Berkel-Enschot – Sint-Caeciliakerk

Franssen-orgels Vermeulen-orgel Klop-orgel Organist Concerten Kerk Info

Kerkstraat 2, 
5056 AC Berkel-Enschot
Bekijk locatie op google/maps


De orgelgeschiedenis

De Nederlandse bisschoppen besloten in 1866 dat kerkelijke orkesten voortaan verboden waren. Hoewel er geen aanwijzingen zijn dat in Enschot vóór dat jaar instrumentalisten in de Mis speelden werd heel snel na dat besluit door het kerkbestuur toestemming gevraagd om een orgel aan te schaffen. Al op 3 mei 1869 werd het nieuwe instrument in gebruik genomen. 

Het Franssen-orgel (1869)

De Gebroeders Franssen leverden voor fl 1025,- een (waarschijnlijk) mechanisch orgel met deze dispositie:

Hoofdwerk C-f”’ Pedaal C-c’
Principal 8′
Bourdon 8′
Salicionaal 8′
Prestant 4′
Flute 4′
Octave 2′
Trompette 8′ B/D
Aangehangen






Na de bouw van de nieuwe kerk in 1898-1904, werd vlak voor de sloop van de schuurkerk het orgel door orgelbouwer Smits in 1904 overgeplaatst naar de nieuwe kerk.

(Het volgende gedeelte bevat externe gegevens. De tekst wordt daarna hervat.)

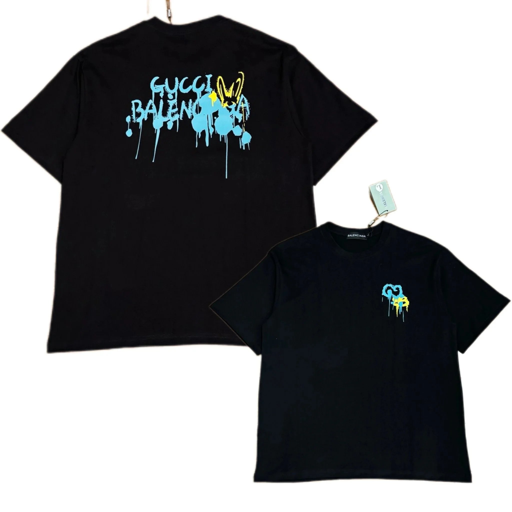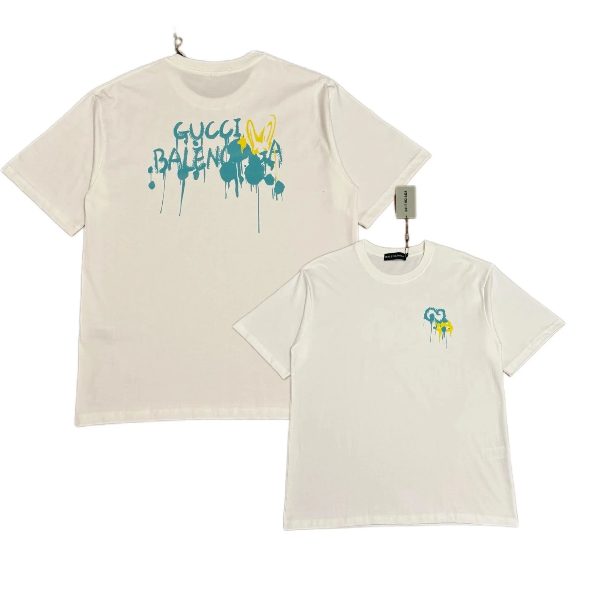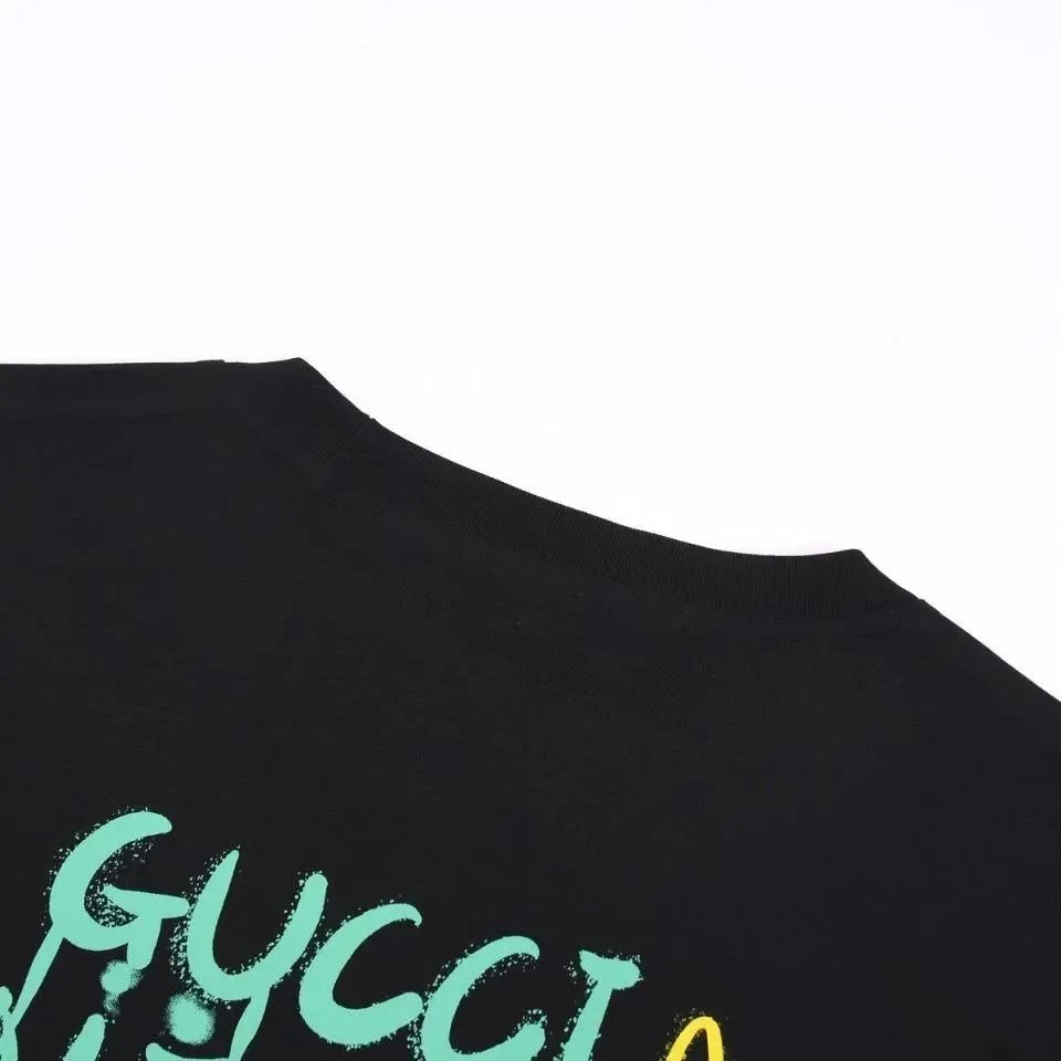 Discover a collection of Gucci t-shirts featuring bold graphics, collaborations, and unique designs including fish prints, chemical equations, and drip art. Available in black and cream colors with distinctive branding.

Dit werd betaals uit twee legaten van de kerkmeesters Van Laarhoven en Pulskens.
In 1923 werd het orgel vernieuwd de firma Franssen uit Roermond.

Het Franssen-orgel (1924)

De Gebroeders Franssen leverden voor fl 5875,- een tweeklaviers orgel met pneumatische kegellladen met deze dispositie:

Hoofdwerk C-g”’ Positief
Bourdon 16′
Prestant 8′
Flute Harmonique 8′
Viola d’amour 8′
Prestant 4′
Mixtuur II-III st
Trompet 8′



Zacht gedekt 8′
Aeoline 8′ 
Voix Céleste 8′
Flute dolce 4′
__________________
Pedaal C-g’
Subbas 16′
= transmissie van
Bourdon 16′
van het Hoofdwerk

Het stond opgesteld op het oxaal achter in de toren. 
In 1948 is het door Vermeulen uit Weert gerepareerd omdat in de oorlogsjaren het orgel geleden had onder tocht en lekkende ramen. Adviseur bij de werkzaamheden was Hub. Houët.
Als na de strenge winter van 1962-63 nog maar drie registers bruikbaar zijn, wordt geconstateerd dat de laden gescheurd zijn en de pedaallade door houtworm is aangetast. Een rigoureus voorstel van Vermeulen tot restauratie wordt niet gerealiseerd. Alleen een beperkte reparatie wordt toegestaan. Bij Verschueren uit Heythuysen wordt onder toezicht van adviseur J. Vinkenburg een alternatief reparatieplan gemaakt dat in 1965 wordt uitgevoerd. Er worden 840 membramen vervangen, het orgel wordt schoongemaakt en opnieuw geintoneerd voor bijna fl. 4000,- totaal. Als in 1968 zich weer problemen voordoen wordt een herstelplan van Verschueren niet uitgevoerd omdat men de hele kerkindeling wil veranderen en een orgel bij het koor op het altaar de voorkeur heeft. Een van Verschueren gehuurd unit-orgeltje, type Mignon, doet tijdelijk dienst, ook als tijdens de verbouwingen de diensten tijdelijk in het gemeenschapshuis worden gehouden. In 1969 wordt het Franssen-orgel afgebroken en brengt nog fl. 920,- op…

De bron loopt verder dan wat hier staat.